Graptopetalum paraguayense (Ghost Plant) – Guide

Do you like succulent plants? If so, the “Graptopetalum paraguayense“, known as Graptopetalum, mother-of-pearl plant, or ghost plant cannot be missing in your collection. Its leaves are very decorative. They are arranged in a kind of rosette, which is almost a work of art. Make a place for it on your terrace, you will not regret it.

Description

Graptopetalum paraguayense does not come from Paraguay. It is a crassulacea native to Mexico, as is the echeveria or alabaster rose.

Both have other similarities, beyond their kinship and origin, to the point that they can become hybridized and are often confused.

Graptopetalum paraguayense has fleshy leaves, obovate in shape, but ending in a point. Don’t worry, they won’t prick you! The dominant color is gray or bluish-green, although at the apex they tend to be pink. They are all covered by a kind of wax that should not be removed, it protects them from direct sunlight.

They are grouped forming showy rosettes, like the echeveria. But, unlike the latter, they are less tightly packed and held by long stems, often hanging.

At the end of winter, it begins to prepare its flowers, which will not open until early spring. They will be small white flowers with triangular petals, similar to five-pointed stars.

Uses of this Succulent

Thanks to its stems, the Graptopetalum paraguayense will look fantastic in any of your pots. As the rosettes grow, they will hang over the edges like a waterfall.

Place the pot on the wall, suspended from the ceiling, or leave it on the floor; it’s up to you!

Graptopetalum paraguayense is very suitable for terraces and balconies in Mediterranean or warm climates. It suits you for its originality and its tremendous resistance; it will hardly need water and very little care.

Graptopetalum paraguayense is equally suitable for the garden. If you plant it in a rockery area, it will expand by itself. Interesting solution…!

You should even grow it indoors, as long as it has enough light. Be careful with the heating.

graptopetalum paraguayense flowers

Growing and Care Graptopetalum paraguayense

It tolerates both direct sun and half shade. In places with a lot of sunshine, if it is somewhat protected, much better; you will give some respite.

For cultivation in pots, use wide models rather than deeper ones. Graptopetalum paraguayense does not need large roots. Use loose soil that helps keep them well aerated; they hate waterlogging. Substrates for cacti and succulents can help you achieve this (Order it here).

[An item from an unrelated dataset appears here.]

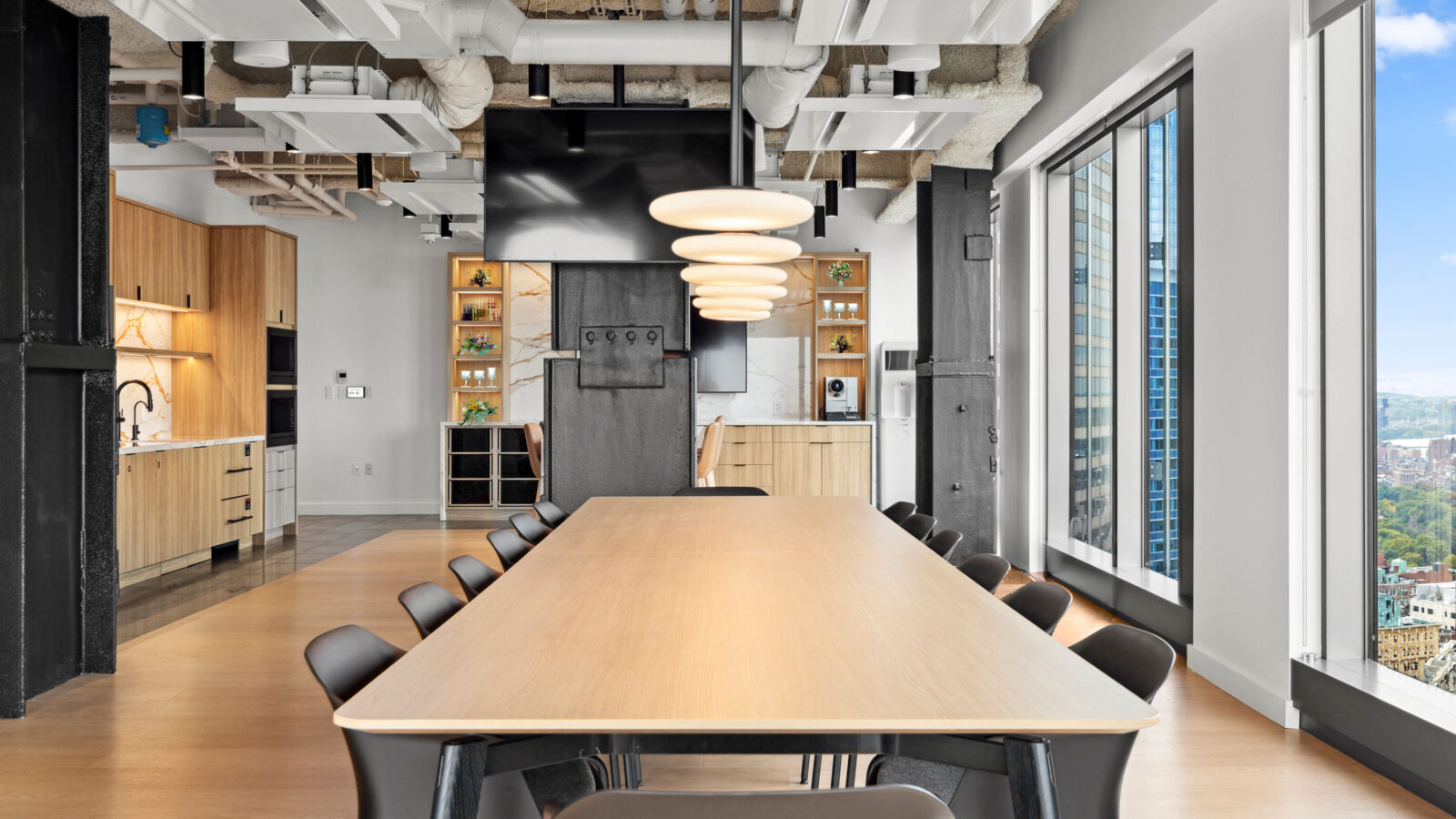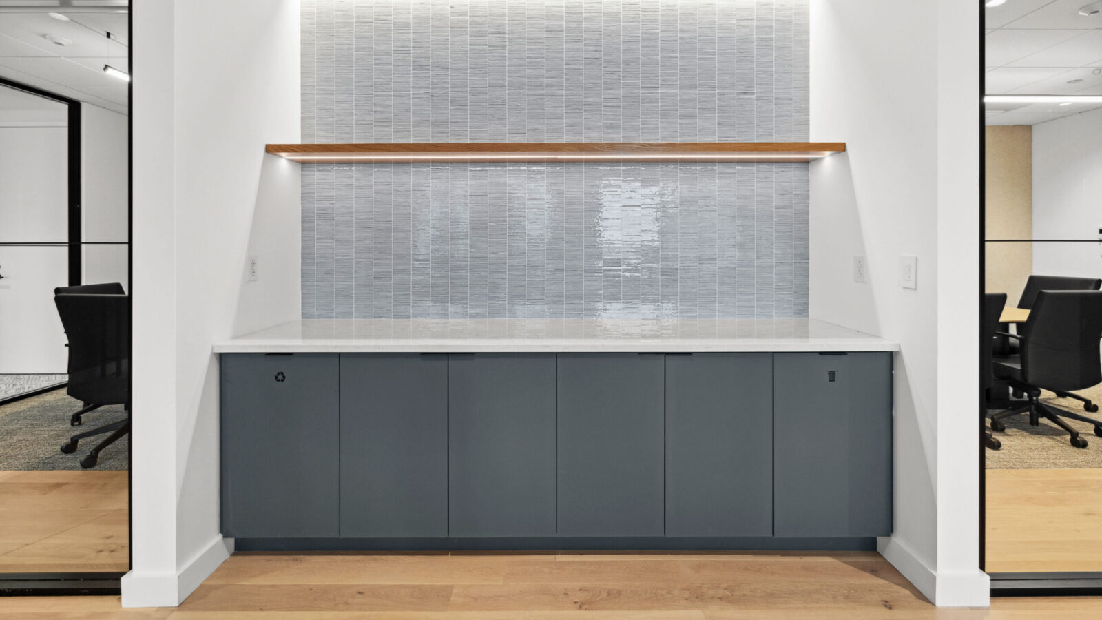 Working closely with the design team at Visnick & Caulfield, led by Daniela Maher, and contractor Columbia, EAW’s team developed thoughtful layouts for the space. The office design accommodates approximately 50 employees and features a mix of open work areas, private offices with panoramic city views, and collaborative zones, including conference rooms, huddle spaces, and café-style seating. Throughout the process, Ampersand’s executive team was deeply involved, ensuring that every detail—from layout modifications to material finishes was tailored to create a workspace that balances forward-thinking innovation with employee comfort.

I have already told you that it is a tough plant, however, you must be careful with water. Like other succulent plants, it is sensitive to root asphyxia and fungus; be careful with watering!

In summer is when it will demand more water, but don’t overdo it: once a week will be enough in most cases (even in a pot). In winter you will hardly have to hydrate (nothing, if it is planted in the ground).

And since we are talking about winters… this is another issue to consider: the cold, to be exact. With strong or repeated frosts move your plant indoors; it will not withstand them.

To finish with its care, one last tip: try not to wet or touch the leaves too much or you will damage the waxy layer that protects them from the sun. They can even fall off quite easily. Do not panic, this is normal.

Pests And Diseases Graptopetalum paraguayense

Root rot from over-watering is the worst problem you can encounter. Beware of overwatering or your plant will die.

Given the worst-case scenario, it’s also worth remembering that mealybugs like cacti and other succulent plants. The Graptopetalum paraguayense is no exception.

You should fight them with Azadirachtin (neem oil), for example, when the pest is widespread. If it is a localized plant, it will be enough to remove them manually or at most use a brush dipped in alcohol.

pests and disease ghost plant succulent

How to Propagate Graptopetalum paraguayense

Earlier I told you that the leaves of the Graptopetalum paraguayense sometimes detach just by touching them. Far from being a disadvantage, it is perhaps even an evolutionary advantage, due to the ease with which they can root.

New specimens are often formed from the fallen leaves, with identical characteristics to the mother plant. This is an asexual form of reproduction that you can take advantage of to make cuttings.

We recommend using a rooting hormone to be more successful in the propagation of this succulent (Order it here).

I am especially interested that you observe that not only the leaves are useful, you can also use stems, and “if any” shoots with some root. In my case, the idea is a centerpiece for the terrace, but you can even place them directly on the ground in your garden.